Segmentation of tables from images
This package assumes that you are working with images of tables that have clearly visible rules (the lines that divide the table into cells).
To fully utilize the automated workflow, your tables should include a recognizable header. This header will be used to identify the position of the first cell in the input image and determine the expected widths of the table's cells.
For optimal segmentation, ensure that the tables are rotated so the borders are approximately vertical and horizontal. Minor page warping is acceptable.
pip install taulu
uv add taulu
git clone https://github.com/GhentCDH/taulu.git
cd taulu/examples
bash run.bash
During this example, you will need to annotate the header image. You do this by simply clicking twice per line, once for each endpoint. It does not matter in which order you annotate the lines. Example:
Below is an example of table cell identification using the Taulu
package:
This package is structured in a modular way, with several components that work together.
The algorithm identifies the header's location in the input image, which provides a starting point.
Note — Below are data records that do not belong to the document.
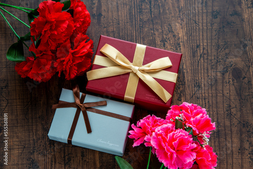 gift, gift, gift, ribbon, box, christmas, container, birthday, valentine, wrapping, copy space, indoor, anniversary, event, decoration, ornament, gratitude, wrap, christmas gift, mother's day, celebration, give, grain, wood, table, aerial, happy, carnation, flower, thank you, bouquet
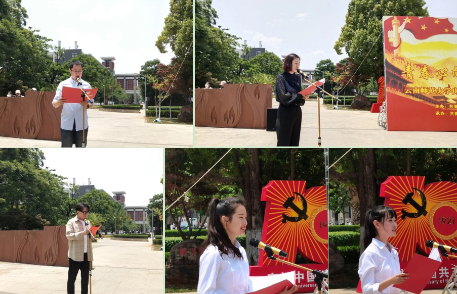 五四青年节来临之际,由校团委主办、物电学院团委承办的庆祝建党100周年暨新团员入团仪式于4月30日中午在呈贡校区红烛广场举行。校团委全体成员,物电学院相关领导,各学院(部)团委书记、新老团员代表等参加仪式。
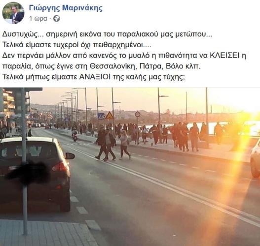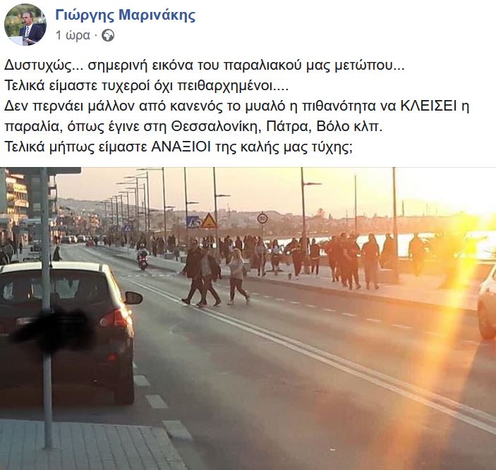 Κάθε άλλο παρά εικόνα πόλης που βρίσκεται εν μέσω μέτρων απαγόρευσης, λόγω του κορωνοϊού, θύμιζε ο παραλιακός δρόμος του Ρεθύμνου γεγονός που "ξεσήκωσε" ακόμα και σχόλιο του Δημάρχου της πόλης, Γιώργου Μαρινάκη στη σελίδα του στο Facebook:
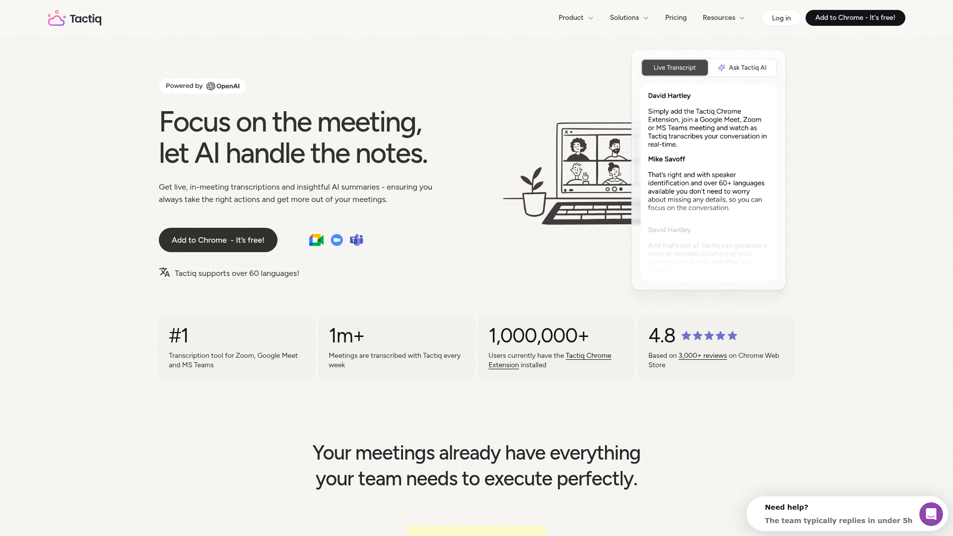 Tactiq is a Chrome extension that provides real-time meeting transcription and AI-powered summaries for Google Meet, Zoom, and Microsoft Teams. The platform offers live transcription without requiring a bot to join meetings, supports over 60 languages, and includes features for generating action items, custom AI prompts, and workflow automations. Users can ask AI questions during meetings, create one-click summaries, and integrate with tools like Slack, Notion, Linear, and HubSpot to share meeting insights across their workflow.

From there, it scans the image to find intersections of the rules (borders) and segments the image into cells accordingly.
The output is a TableGrid
object that contains the detected intersections, enabling you to segment the image into rows, columns, and cells.
Here is a visualization of the workflow and the components:
flowchart LR
h(header.png) --> A[HeaderAligner]
t(table.png) --> C[PageCropper]
j(header.json) --> T[HeaderTemplate]
C --> F[GridDetector]
A --> H((h))
C --> H
T --> S((s))
H --> S
F --> R
S --> R(result)
T --> R
The components are:
HeaderAligner
: Uses template matching to identify the header's location in the input images.PageCropper
: An optional component that crops the image to a region containing a given color. This is useful if your image contains a lot of background, but can be skipped if the table occupies most of the image. Only works if your table has a distinct color from the background.HeaderTemplate
: Stores table template information by reading an annotation JSON file. You can create this file by runningHeaderTemplate.annotate_image
on a cropped image of your table’s header.GridDetector
: Processes the image to identify intersections of horizontal and vertical lines (borders).h
: A transformation matrix that maps points from the header template to the input image.s
: The starting point of the segmentation algorithm (typically the top-left intersection, just below the header).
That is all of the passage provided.